My Columbia econ colleague writes:

The following figure shows how the likelihood of victory for the two major party candidates has evolved since August 6—the day after Kamala Harris officially secured the nomination of her party—according to three statistical models (Trump in red, Harris in blue):

Market-derived probabilities have fluctuated within a narrower band. The following figure shows prices for contracts that pay a dollar if Harris wins the election, and nothing otherwise, based on data from two prediction markets (prices have been adjusted slightly to facilitate interpretation as probabilities, and vertical axes matched to those of the models):

So, as things stand, we have five different answers to the same question—the likelihood that Harris will prevail ranges from 51 to 60 percent across these sources. On some days the range of disagreement has been twice as great.

As we’ve discussed, a difference in 10% of predicted probability corresponds to roughly a difference of 0.4% (that is, 0.004) in predicted vote share. So, yeah, it makes complete sense to me that different serious forecasts would differ by this much, also it makes sense that markets could be different by this much. (As Rajiv discussed in an earlier post, for logistical reasons it’s not easy to arbitrage between the two markets shown above, so it’s possible for them to maintain some daylight between them.)

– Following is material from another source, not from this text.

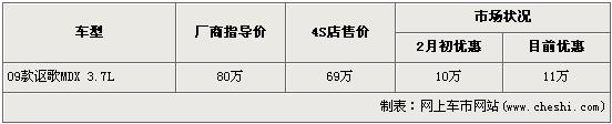 据讴歌经销商销售人员介绍,讴歌08款MDX已经停止进口现车已卖完,以后也不会再引进。目前在售的为讴歌09款MDX车型,09款讴歌-MDX的优惠现已加大到11万元,优惠后售价也从原厂商售价80万降到了69万,跌破了70万元。销售人员还介绍,09款讴歌MDX增加的实用性的配件包括前下护板和后下护板,能避免恶劣路况对底盘带来的损伤,并且09款讴歌MDX还新增了巴厘海蓝和摩卡褐金两种颜色,店内现车非常充足,颜色也比较全,欲购买者挑选的空间非常大。
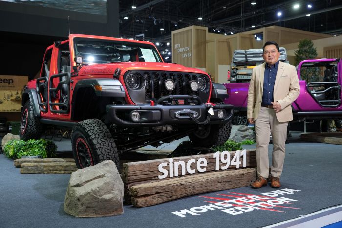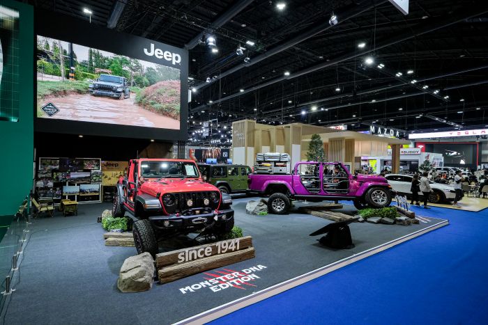 จี๊ป ประเทศไทย จัดแสดงยนตรกรรมไฮไลท์ภายใต้คอนเซปต์ ‘Monster Family’ กลาดิเอเตอร์ รูบิคอน มอนสเตอร์ เอดิชั่น มาพร้อมกับชุดแต่ง MOPAR รอบคัน ประกอบไปด้วย ชุดยก สมรรถนะสูง จาก MOPAR เพิ่มความสูงถึง 2นิ้ว กันชนหน้าเหล็กแบบชิ้นเดี่ยว พร้อมด้วยสปอตไลท์บริเวณเสาเอ และอุปกรณ์อำนวยความสะดวกด้านหลังครบครัน

Also, this is a minor thing but if you’re gonna plot two lines that add to a constant, it’s enough to just plot one of them. I say this in part out of general principles and in part because these lines that cross 0.5 create shapes and other visual artifacts such as the “vase” in PredictIt plot. I think these visual artifacts get in the way of seeing and learning from the data.

OK, that’s all background. Different forecasts differ. The usual way we talk about evaluating forecast is by comparing to outcomes. Rajiv writes:

The standard approach would involve waiting until the outcome is revealed and then computing a measure of error such as the average daily Brier score. This can and will be done, not just for the winner of the presidency but also the outcomes in each competitive state, the popular vote winner, and various electoral college scenarios.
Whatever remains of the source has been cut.